Linq2Sql will by design always suck in mass insert scenarios. ORM's just are not ETL tools.
Linq2SQL (as has been noted) does not handle this well by default, but luckily there are some solutions out there. here's one i used for a website when i wanted to do some bulk deletes. It worked well for me and due to its use of extension methods it was basically indistinguishable from regular Lin2SQL methods.
I haven't really "released" this project yet, but it's a T4-based repository system that extends Linq To SQL and implements a bunch of batch operations (delete, update, create csv, etc.): http://code.google.com/p/grim-repo/. You can check out the source code and implement it however you see fit.
Also, this link has some great source code for batch operations: http://www.aneyfamily.com/terryandann/post/2008/04/Batch-Updates-and-Deletes-with-LINQ-to-SQL.aspx
And, also, I know it's tempting, but don't crap on the elderly. Try performing batch operations with DataAdapters/ADO.net: http://davidhayden.com/blog/dave/archive/2006/01/05/2665.aspx. It's faster, but inevitably hairier.
Finally, if you have an XML file, you can create a stored procedure that takes advantage of SQL server's built-in sproc, sp_xml_preparedocument. Check out how to use it here: http://msdn.microsoft.com/en-us/library/ms187367.aspx
Even when you add multiple records to the DataContext before calling SubmitChanges, LINQ2SQL will loop through and insert them one by one. You can verify this by implementing one of the partial methods on an entity class ("InsertMyObject(MyObject instance)"). It will be called for each pending row individually.
I don't see anything wrong with your plan -- you say it works, but you just don't know how to verify it? Can't you simply look in the database to check if the records got added?
Another way to see what records are pending in the DataContext and have not yet been added is to call GetChangeSet() on the data context and then refer to the "Inserts" property of the returned object to get a list of rows that will be inserted when SubmitChanges is called.
Related
Just a bit of an outline of what i am trying to accomplish.
We keep a local copy of a remote database (3rd party) within our application. To download the information we use an api.
We currently download the information on a schedule which then either inserts new records into the local database or updates the existing records.
here is how it currently works
public void ProcessApiData(List<Account> apiData)
{
// get the existing accounts from the local database
List<Account> existingAccounts = _accountRepository.GetAllList();
foreach(account in apiData)
{
// check if it already exists in the local database
var existingAccount = existingAccounts.SingleOrDefault(a => a.AccountId == account.AccountId);
// if its null then its a new record
if(existingAccount == null)
{
_accountRepository.Insert(account);
continue;
}
// else its a new record so it needs updating
existingAccount.AccountName = account.AccountName;
// ... continue updating the rest of the properties
}
CurrentUnitOfWork.SaveChanges();
}
This works fine, however it just feels like this could be improved.
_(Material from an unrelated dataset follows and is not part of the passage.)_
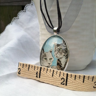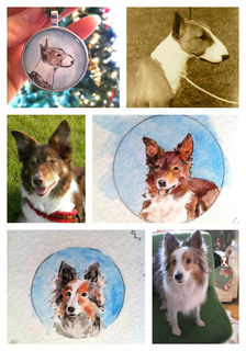 Send me a picture of your dog, cat, or any pet by convo or email, and I will paint an original custom watercolor miniature pet portrait. Then I set it under glass on a personalized pendant necklace, ready for you as wearable art to take with you wherever you go! A perfect gift for yourself, the pet lover in your life, or in memorial. This listing is for a single portrait, double portraits are available- please convo me for details. This picture is a sample.
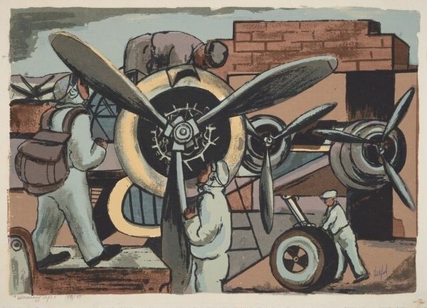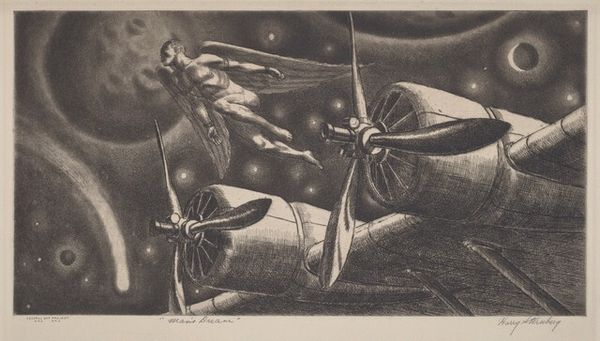 Curator: This compelling graphic art piece, likely dating to 1934, commemorates the "Vlucht van de Pelikaan van Amsterdam naar Batavia in 1933," or "Flight of the Pelican from Amsterdam to Batavia in 1933." It’s held in the Rijksmuseum, and created by Jacob Pieter van den Bosch. Editor: My initial impression is the starkness of the high contrast between the ink and paper; the dramatic diagonal thrust of the aircraft cutting across the earth map adds a real dynamism to this monochrome print. Curator: Absolutely. Thinking about the materials involved: ink, paper, the printing process...these were all part of the early graphic design industry focused on speed and efficiency, mirroring the aviation industry itself. Note how the labor-intensive process reflects a society increasingly captivated by machine production and global reach. Editor: I find it really interesting how this artwork can be contextualized within broader narratives of Dutch colonialism. The flight path symbolized progress for some, but simultaneously highlighted the exploitation of resources and people in colonized territories, right? What do you think about how race, politics, and commerce intersect here? Curator: I would note also that even the style - bold lines, almost woodcut-like appearance - serves to convey a sense of speed, the immediacy of the news, and technological advancements that were shaping perceptions of time and distance, collapsing them in real-time for those back home following the headlines. The very materiality mirrors progress. Editor: I agree, and focusing on those elements of progress reminds me to continue scrutinizing art like this for how the representation of certain bodies may be elevated at the expense of suppressing others and to unpack any lingering Eurocentric perspectives the print may present. It becomes important to question and unpack art objects in this way. Curator: That questioning is definitely critical for an open-ended experience, rather than a passively absorbed one, to encourage everyone's critical thought about the intersections between progress, privilege and power that become clear through a focused encounter like the one you highlight. Editor: Agreed. Hopefully, this discussion encourages visitors to explore these facets of the work to help promote thoughtful conversations around globalization, technological progress, and its complex sociopolitical legacy.

There is one of these methods per Entity, and they all do the same thing (just updating different properties) or inserting a different Entity. Would there be anyway to make this more generic?
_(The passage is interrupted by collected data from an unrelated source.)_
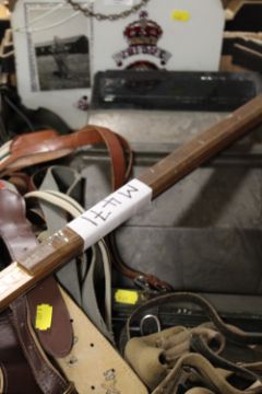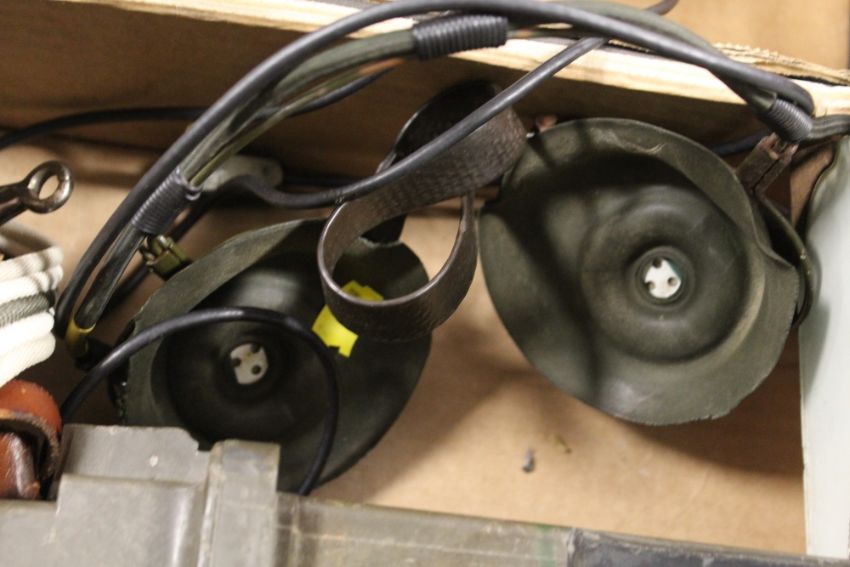 A TRAY OF ASSORTED MILITARY ITEMS TO INC A SAM BROWNE BELT, TANK PERISCOPE AND VARIOUS OTHER ITEMS
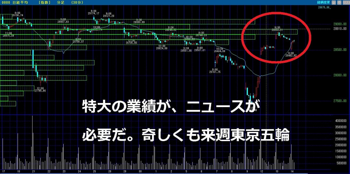 図は日経平均株価の30分足のチャートです。
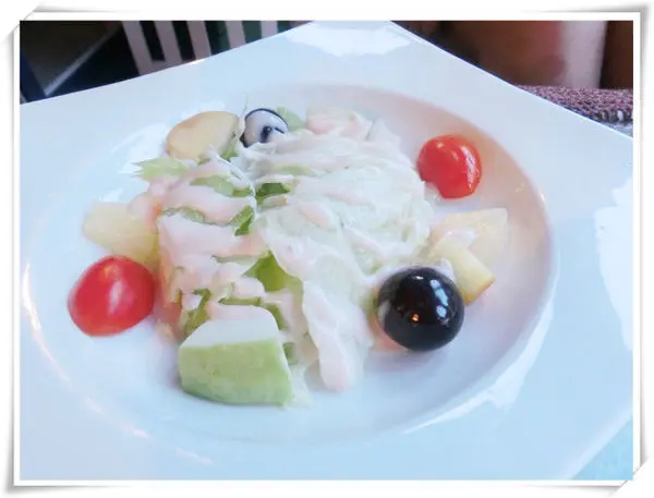 鮮脆菜加上沙拉醬沾水果很清甜份量適中。

It just seems like a lot of database calls, would there be anyway to "Bulk" do this. I've had a look at this package which i have seen mentioned on a few other posts https://github.com/loresoft/EntityFramework.Extended
But it seems to focus on bulk updating a single property with the same value, or so i can tell.
Any suggestions on how i can improve this would be brilliant. I'm still fairly new to c# so i'm still searching for the best way to do things.
I'm using .net 4.5.2 and Entity Framework 6.1.3 with MSSQL 2014 as the backend database
For EFCore you can use this library:
https://github.com/borisdj/EFCore.BulkExtensions
Note: I'm the author of this one.
And for EF 6 this one:
https://github.com/TomaszMierzejowski/EntityFramework.BulkExtensions
Both are extending DbContext with Bulk operations and have the same syntax call:
context.BulkInsert(entitiesList);
context.BulkUpdate(entitiesList);
context.BulkDelete(entitiesList);
EFCore version have additionally BulkInsertOrUpdate method.
Assuming that the classes in apiData are the same as your entities, you should be able to use Attach(newAccount, originalAccount) to update an existing entity.
For bulk inserts I use AddRange(listOfNewEntitities). If you have a lot of entities to insert it is advisable to batch them. Also you may want to dispose and recreate the DbContext on each batch so that it's not using too much memory.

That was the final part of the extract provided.